ASSIGNMENT: Give all of the listing again word for word, with images excluded.

INFORMATION SUPPLIED:
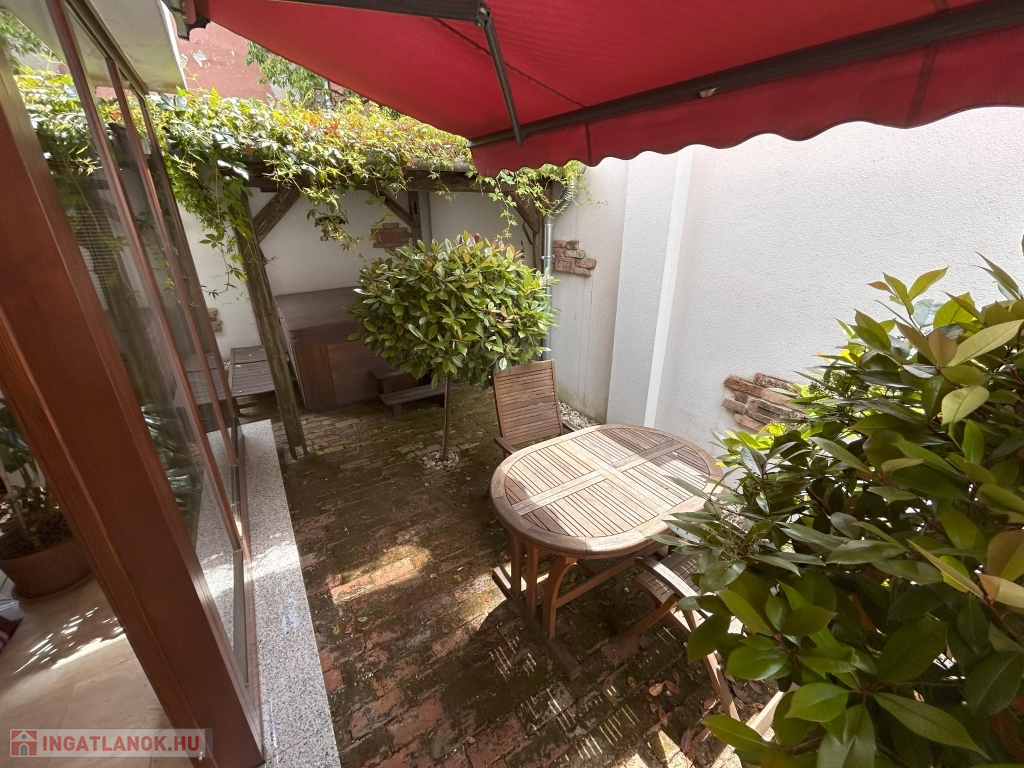 Az elektromos kapuval ellátott kétállásos garázs mellett a ház további különlegessége a mediterrán hangulatú veranda és a kertben elhelyezett kültéri jakuzzi, ami a tökéletes pihenés élményét kínálja saját otthonában.
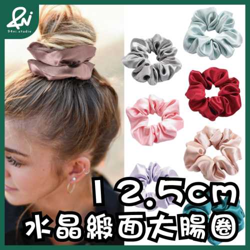 『台灣現貨』12.5cm 水晶緞面高級感大腸髮圈|簡約氣質馬尾頭繩|ins風百搭髮飾|光澤細膩【94ni.studio】
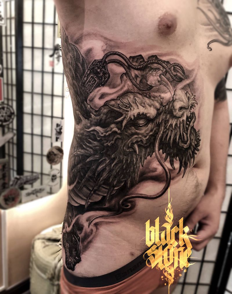当前位置: 首页 >天津市纹身店-黑石刺青(天津店)纹身图案>龙游纹身图片_腰部腹部新传统欧美写实龙纹身图案

RESPONSE:
 Az elektromos kapuval ellátott kétállásos garázs mellett a ház további különlegessége a mediterrán hangulatú veranda és a kertben elhelyezett kültéri jakuzzi, ami a tökéletes pihenés élményét kínálja saját otthonában.
 『台灣現貨』12.5cm 水晶緞面高級感大腸髮圈|簡約氣質馬尾頭繩|ins風百搭髮飾|光澤細膩【94ni.studio】
当前位置: 首页 >天津市纹身店-黑石刺青(天津店)纹身图案>龙游纹身图片_腰部腹部新传统欧美写实龙纹身图案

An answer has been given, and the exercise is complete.